§ **Exercise prompt**
In your copy, include every entry exactly as written but no pictures.

§ **Records for this exercise**
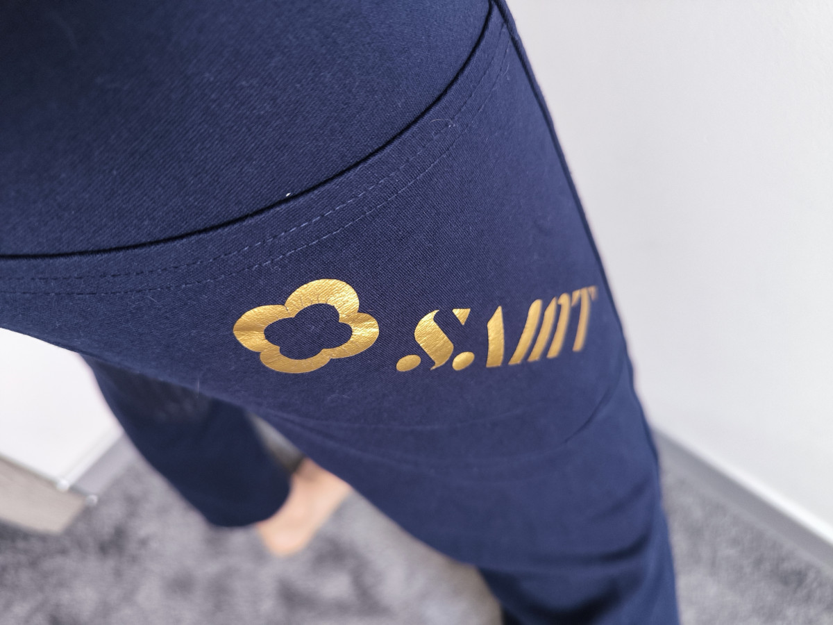 Breginsy Bryczesy leginsowe Saint. Granatowe. Z solidnej bawełny raczej całoroczne. Mają dwie kieszenie na udzie. Szeroki pas. Stan bardzo dobry lej bez zarzutu ale przy pasie na szwach w kilku miejscu odeszły nitki. Rozmiar xl pas 42-46 cm x2 dl całkowita 92 cm
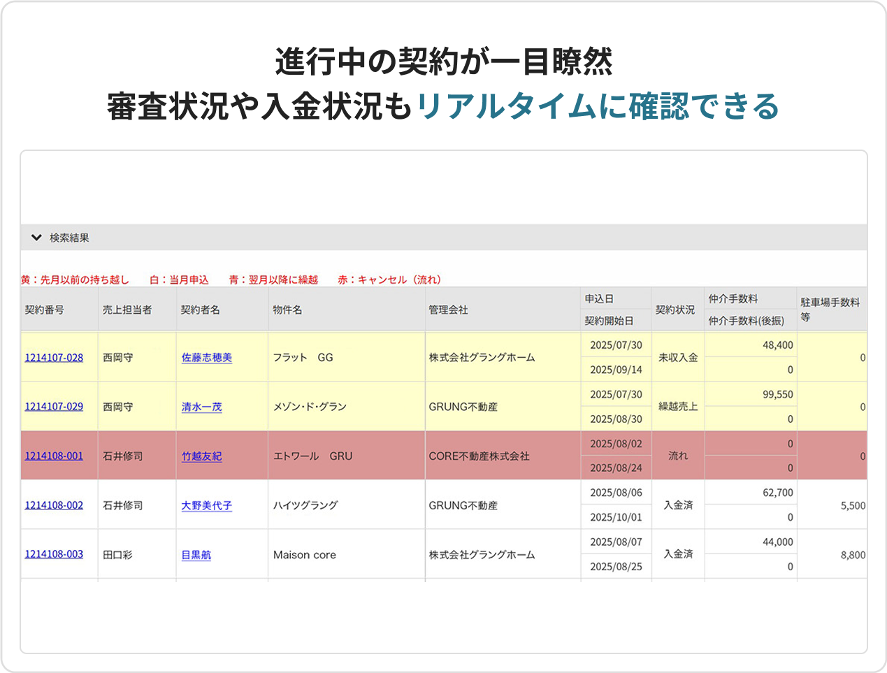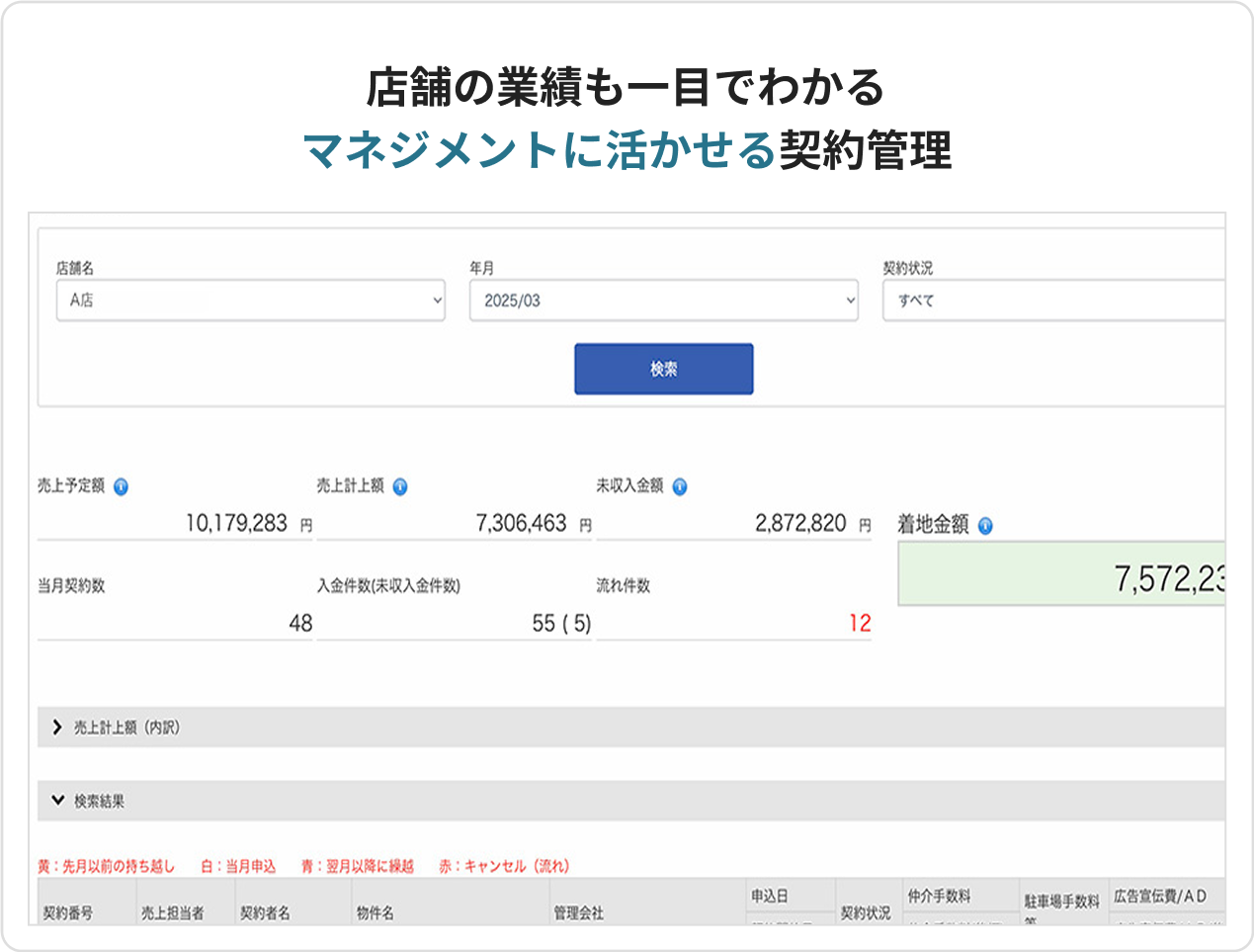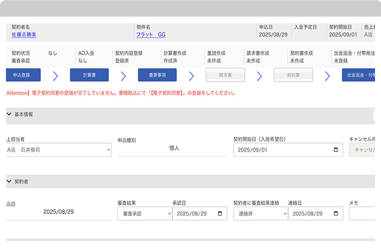 契約に関する業務をすべてシステム化。店舗内の契約状況や進捗を管理できます。申込
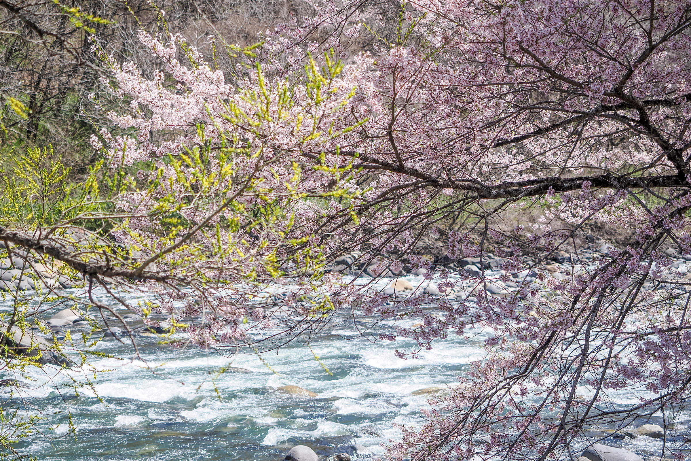 三岳地区へ足を伸ばすと県道20号沿いに桜が立ち並ぶ場所がいくつもあり、春のドライブの気分を盛り上げてくれます。
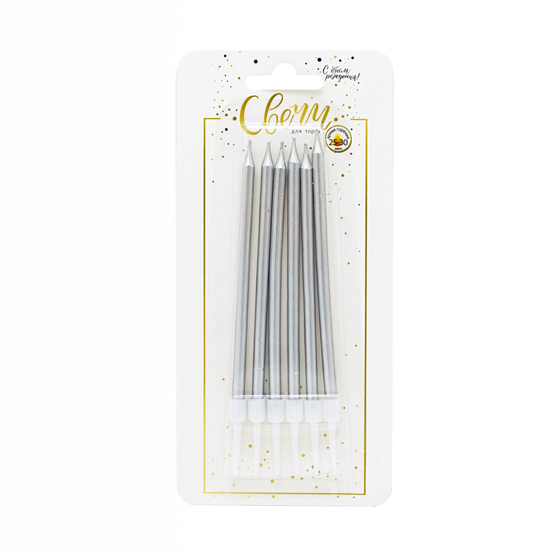 Свечи тортовые классические "Металл" Серебряные с держателями - Шары и праздники
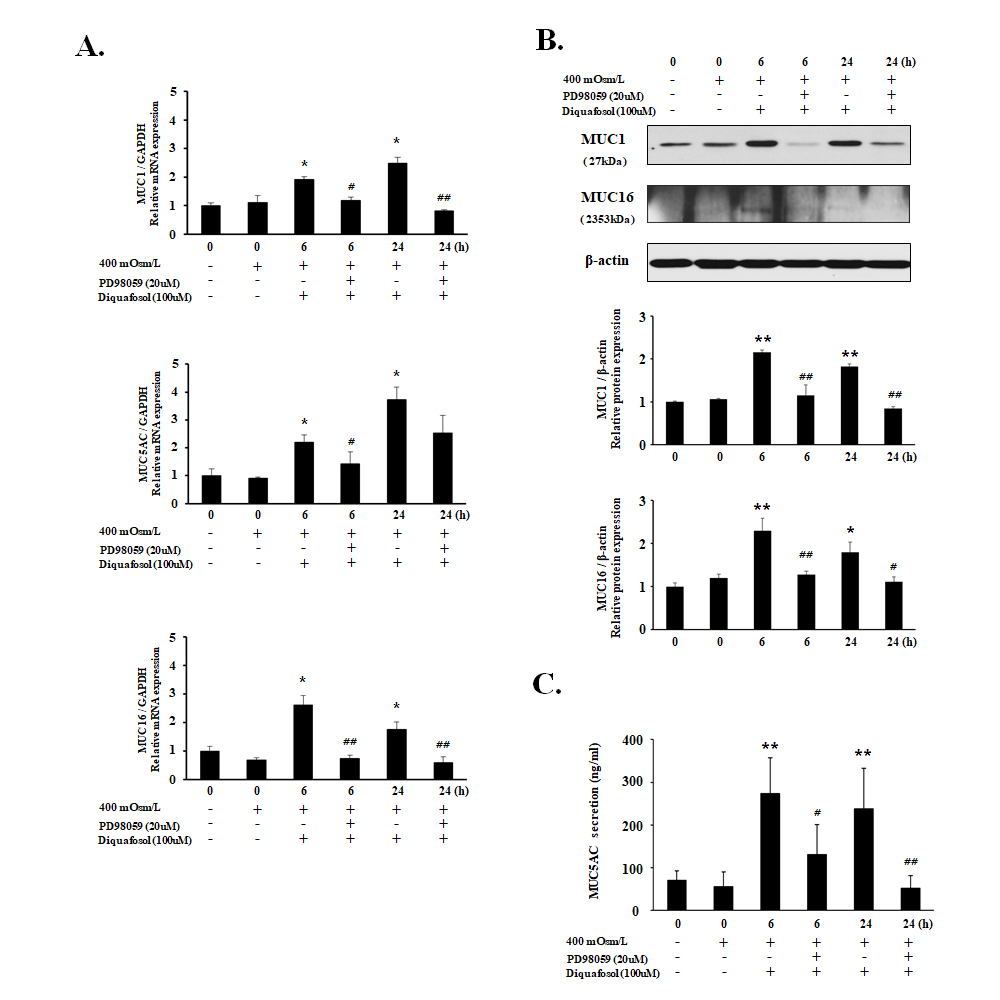Figure 4. ERK signaling regulates mucin expression enhanced by diquafosol tetrasodium in HCECs. A: Inhibition of MUC1, MUC16, and MUC5AC mRNA levels by ERK inhibitor. B: Representative photograph of MUC1 and MUC16 protein levels and relative expression results for both markers with ERK inhibitor.

§ **Answer area**
 Breginsy Bryczesy leginsowe Saint. Granatowe. Z solidnej bawełny raczej całoroczne. Mają dwie kieszenie na udzie. Szeroki pas. Stan bardzo dobry lej bez zarzutu ale przy pasie na szwach w kilku miejscu odeszły nitki. Rozmiar xl pas 42-46 cm x2 dl całkowita 92 cm
 契約に関する業務をすべてシステム化。店舗内の契約状況や進捗を管理できます。申込
 三岳地区へ足を伸ばすと県道20号沿いに桜が立ち並ぶ場所がいくつもあり、春のドライブの気分を盛り上げてくれます。
 Свечи тортовые классические "Металл" Серебряные с держателями - Шары и праздники
Figure 4. ERK signaling regulates mucin expression enhanced by diquafosol tetrasodium in HCECs. A: Inhibition of MUC1, MUC16, and MUC5AC mRNA levels by ERK inhibitor. B: Representative photograph of MUC1 and MUC16 protein levels and relative expression results for both markers with ERK inhibitor.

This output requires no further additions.